Annotation results from this study.

^†

Refers to orthologous protein groups.

Comparative genomics of *Shigella flexneri* reference genomes in 2a lineage

The genomes are depicted as horizontal grey lines lines interspersed with regions of colinear (red) and inverted (purple-blue) synteny. Genomes are arranged from top to bottom by year of isolation. Comparative gain of genomic islands is shown by blocks overlying genomes, and are coloured by functional association of antimicrobial resistance (green), virulence (peach), serotype conversion (light purple), and other (dark blue-grey).
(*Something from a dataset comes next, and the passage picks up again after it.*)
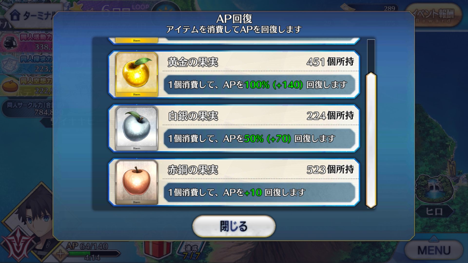 なのでドライブスルーも大丈夫なはず種火が…と思ったが銅林檎がまだそれなりに残ってるからある程度はいけるな
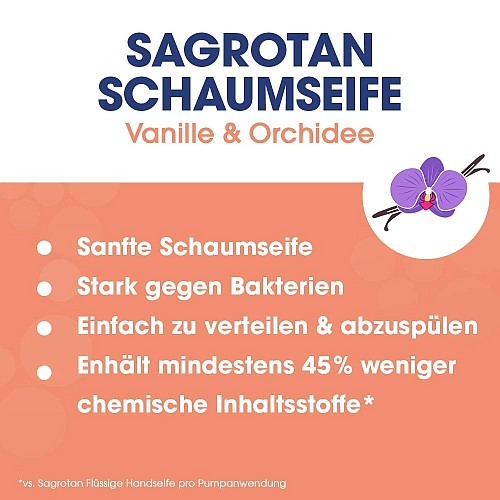 Sanft zur Haut und stark gegen Bakterien: Bei Amazon gibt es heute 4x die Sagrotan Vanille & Orchidee antibakterielle Schaumseife für nur 5,15€ inkl. Versand.

Phylogenetic analysis of mutational differences was used to place NCTC1 in a S flexneri 2a lineage. Relative to NCTC1, the five completed reference genomes had between 457 and 719 SNPs (within 2a lineage, table 1) and 3266 and 3608 SNPs (serotype 5 references M90T and 8401 respectively; figure 2). We used other Shigella species and E coli genomes, and draft genomes of the S flexneri serotyping strains held at PHE, to establish the phylogenetic relations between a broader set of isolates. This showed that NCTC1 clustered phylogenetically with isolates of serotypes 2a, Y, and Xv (figure 2), in an established genetic context in which S flexneri serotypes 1–5 are virtually monophyletic within the Shigella and Escherichia genera³⁴ (appendix).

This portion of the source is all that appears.